> The data
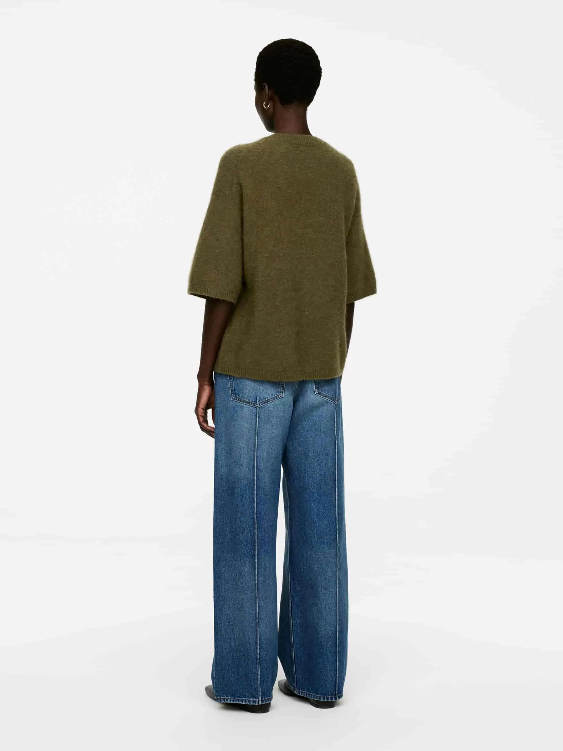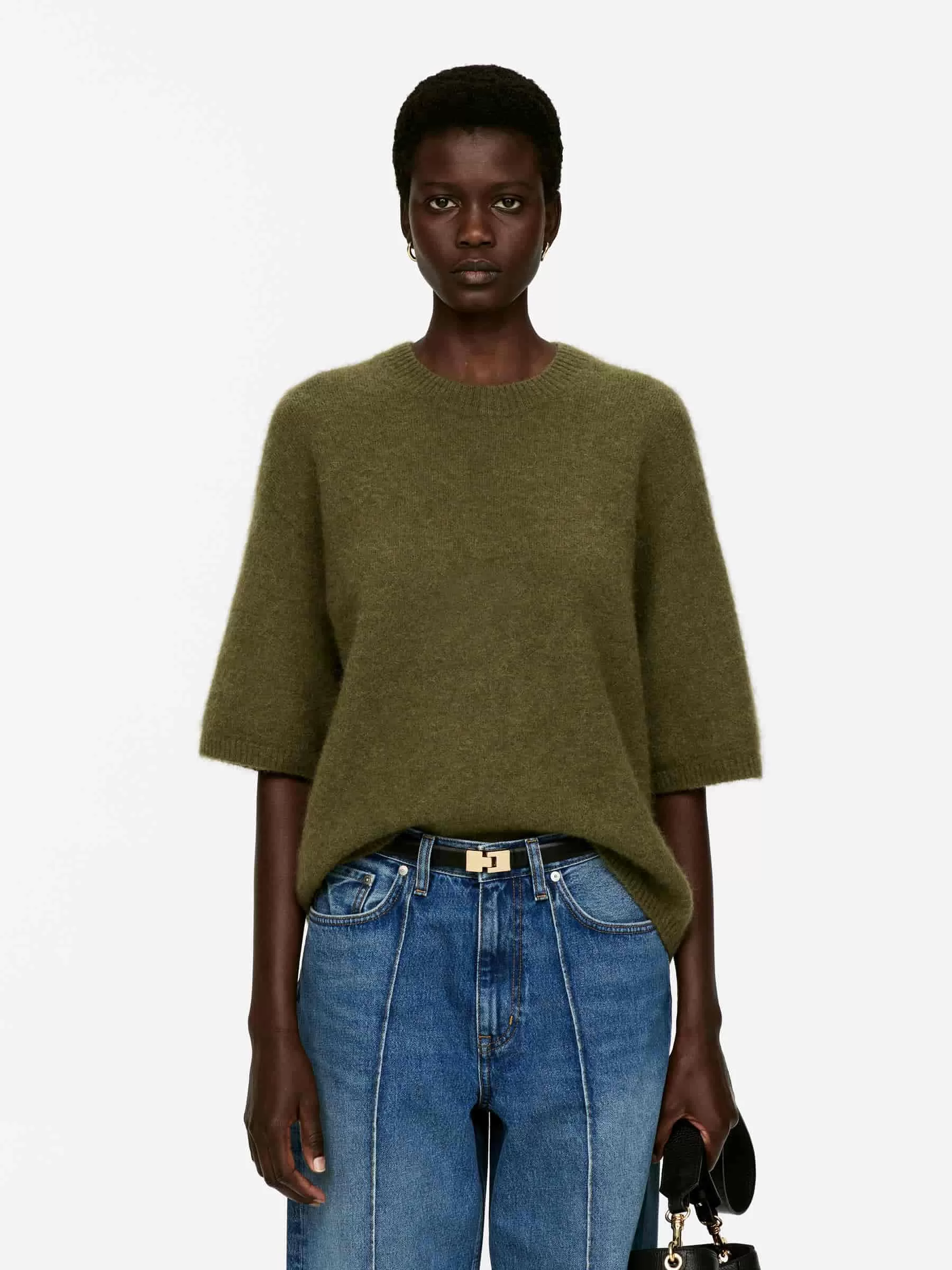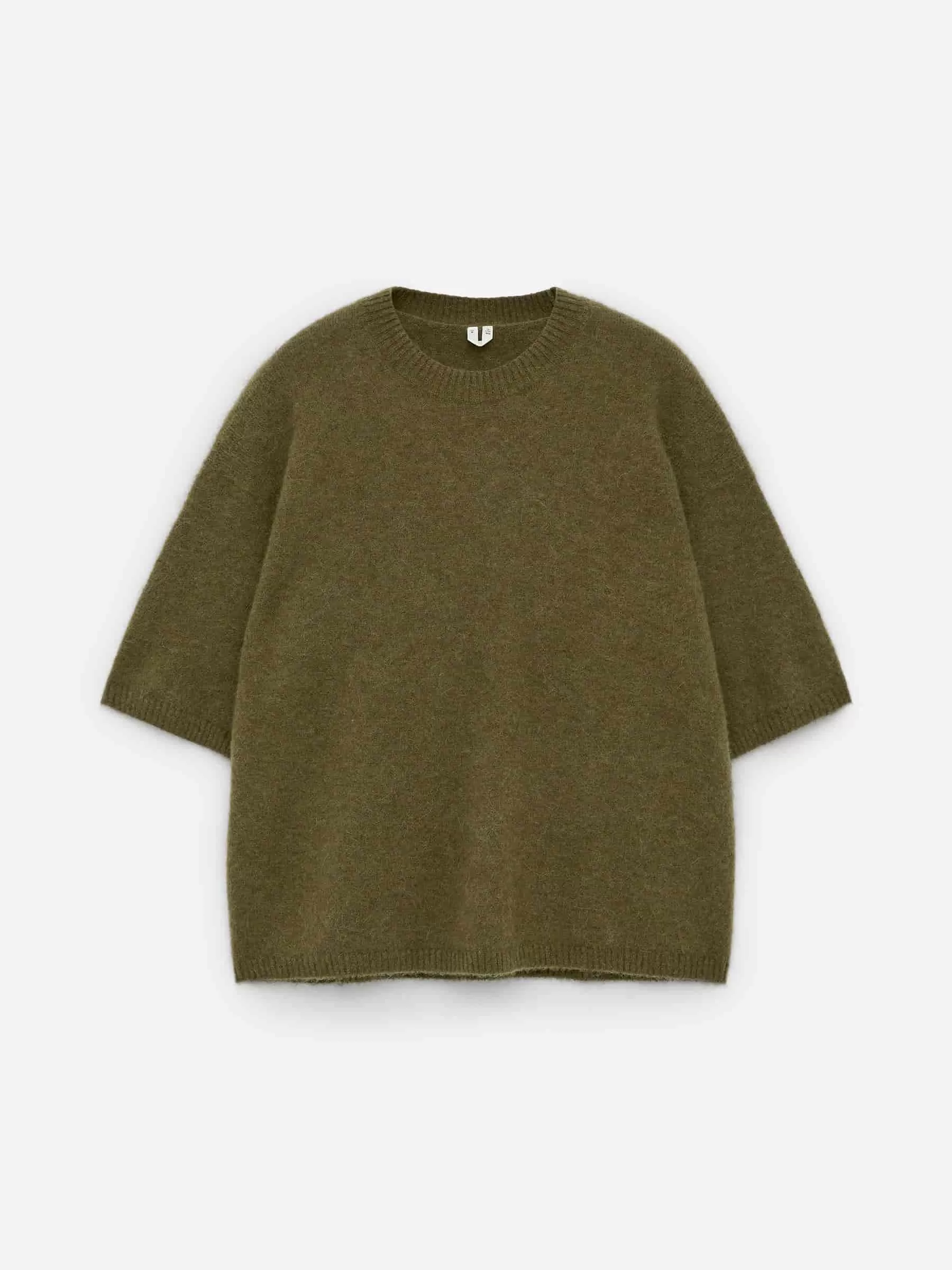 Jersey de manga corta confeccionado con alpaca y lana que aportan comodidad. Un modelo de cuello redondo con corte holgado. Los ribetes acanalados detallan el look. Este estilo contiene 31% RAS Alpaca y 31% lana RWS (TE-00047206). Los productos certificados según el Estándar de lana responsable (RWS) y el Estándar de alpaca responsable (RAS) contienen lana y fibra de alpaca de granjas certificadas de forma independiente según los requisitos de bienestar animal y gestión de la tierra.
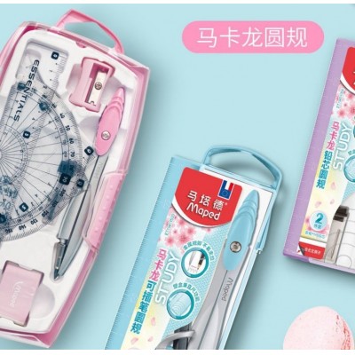 马培德马卡龙色可爱圆规实用套尺套装可夹笔女生画图学习尺子学生-单套(9套/盒)
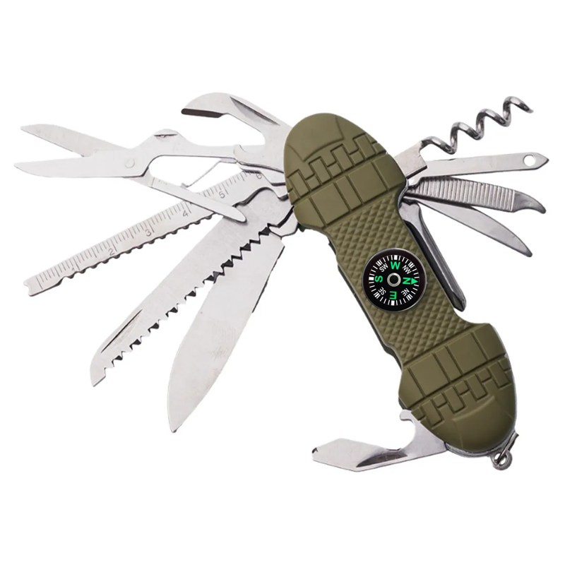 Det kompakte design gør den ideel til at tage den med på farten, når du skal på outdoor eventyr, uanset om du skal på fisketur, sheltertur, camping osv. Lavet af holdbart 420 rustfrit stål, sikrer multiværktøjet lang levetid, korrosionsbestandighed og pålidelig ydeevne, når du har brug for det.
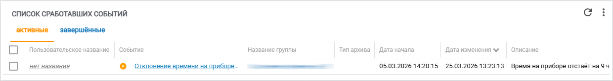 Виджет позволяет отобразить список сработавших событий по прибору учёта/регулятору (рис. 9). Переход между списками (активных и завершенных) событий выполняется при помощи панели вкладок в левой верхней части виджета. Стоит отметить, что в списке завершенных событий предусмотрена фильтрация по году и месяцу, события за которые необходимо отобразить на виджете. Ознакомиться с информацией по работе с функционалом групп событий можно в статье «Группы пользовательских событий». Также имеется описание всех пользовательских событий прибора учёта/регулятора.
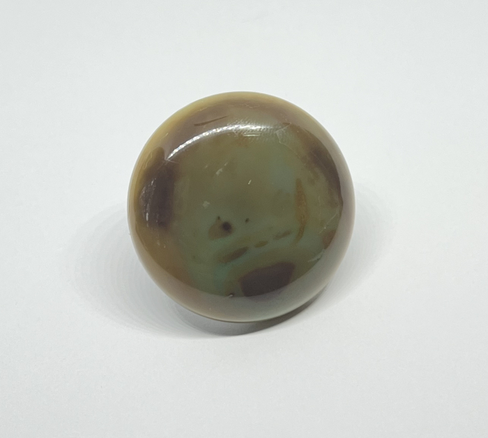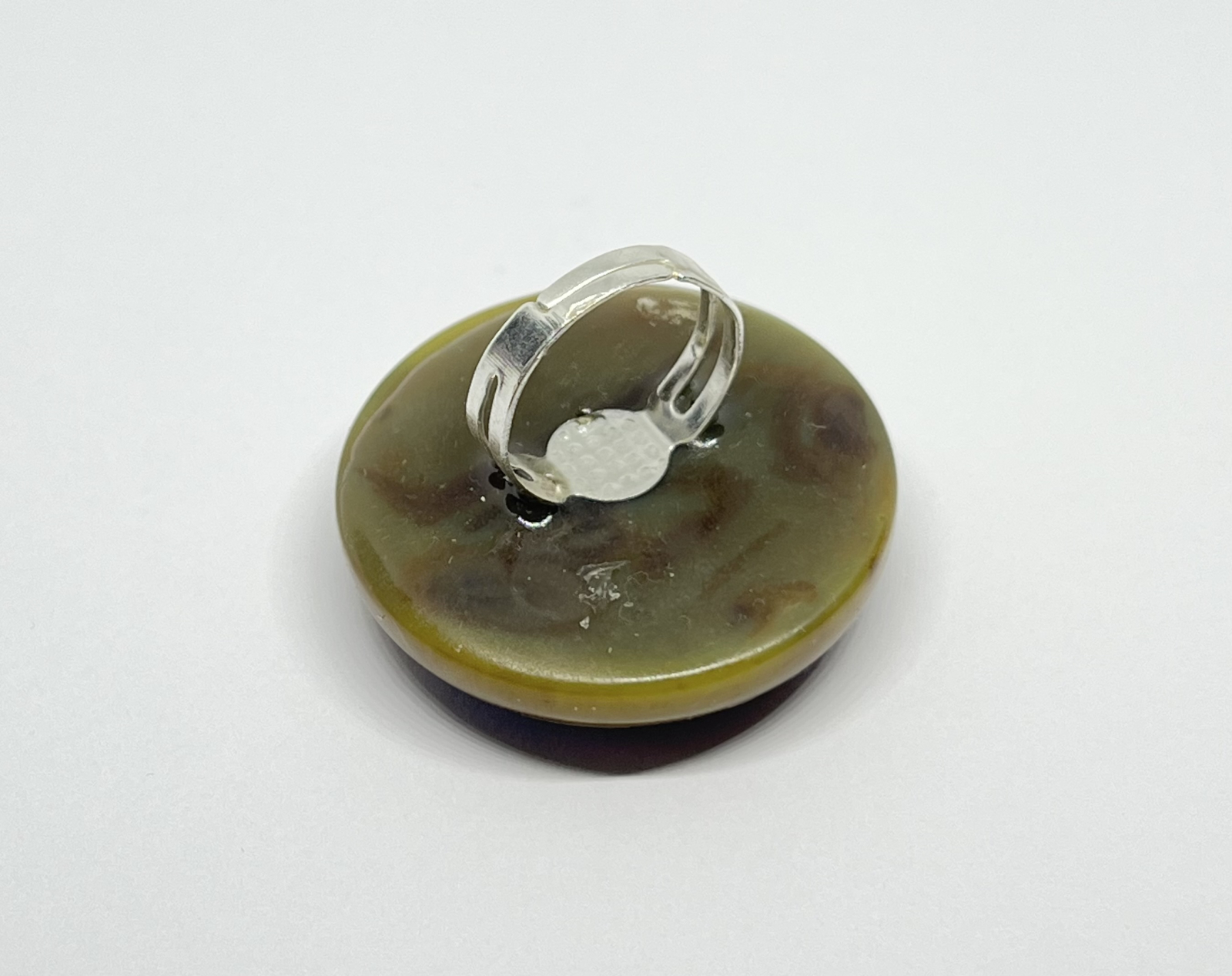 Inel realizat manual, cu piatră semiprețioasă de jasp peisaj, ce îmbină nuanțe de verde măsliniu, maro și bej într-un model organic unic. Fiecare piatră este o mică operă de artă a naturii. Baza metalică argintie, fixată cu rășină transparentă, asigură stabilitate și un aspect elegant.

> Work order
The pictures in the listing above are to be dropped, and everything else reproduced exactly.

> Exercise solution
 Jersey de manga corta confeccionado con alpaca y lana que aportan comodidad. Un modelo de cuello redondo con corte holgado. Los ribetes acanalados detallan el look. Este estilo contiene 31% RAS Alpaca y 31% lana RWS (TE-00047206). Los productos certificados según el Estándar de lana responsable (RWS) y el Estándar de alpaca responsable (RAS) contienen lana y fibra de alpaca de granjas certificadas de forma independiente según los requisitos de bienestar animal y gestión de la tierra.
 马培德马卡龙色可爱圆规实用套尺套装可夹笔女生画图学习尺子学生-单套(9套/盒)
 Det kompakte design gør den ideel til at tage den med på farten, når du skal på outdoor eventyr, uanset om du skal på fisketur, sheltertur, camping osv. Lavet af holdbart 420 rustfrit stål, sikrer multiværktøjet lang levetid, korrosionsbestandighed og pålidelig ydeevne, når du har brug for det.
 Виджет позволяет отобразить список сработавших событий по прибору учёта/регулятору (рис. 9). Переход между списками (активных и завершенных) событий выполняется при помощи панели вкладок в левой верхней части виджета. Стоит отметить, что в списке завершенных событий предусмотрена фильтрация по году и месяцу, события за которые необходимо отобразить на виджете. Ознакомиться с информацией по работе с функционалом групп событий можно в статье «Группы пользовательских событий». Также имеется описание всех пользовательских событий прибора учёта/регулятора.
 Inel realizat manual, cu piatră semiprețioasă de jasp peisaj, ce îmbină nuanțe de verde măsliniu, maro și bej într-un model organic unic. Fiecare piatră este o mică operă de artă a naturii. Baza metalică argintie, fixată cu rășină transparentă, asigură stabilitate și un aspect elegant.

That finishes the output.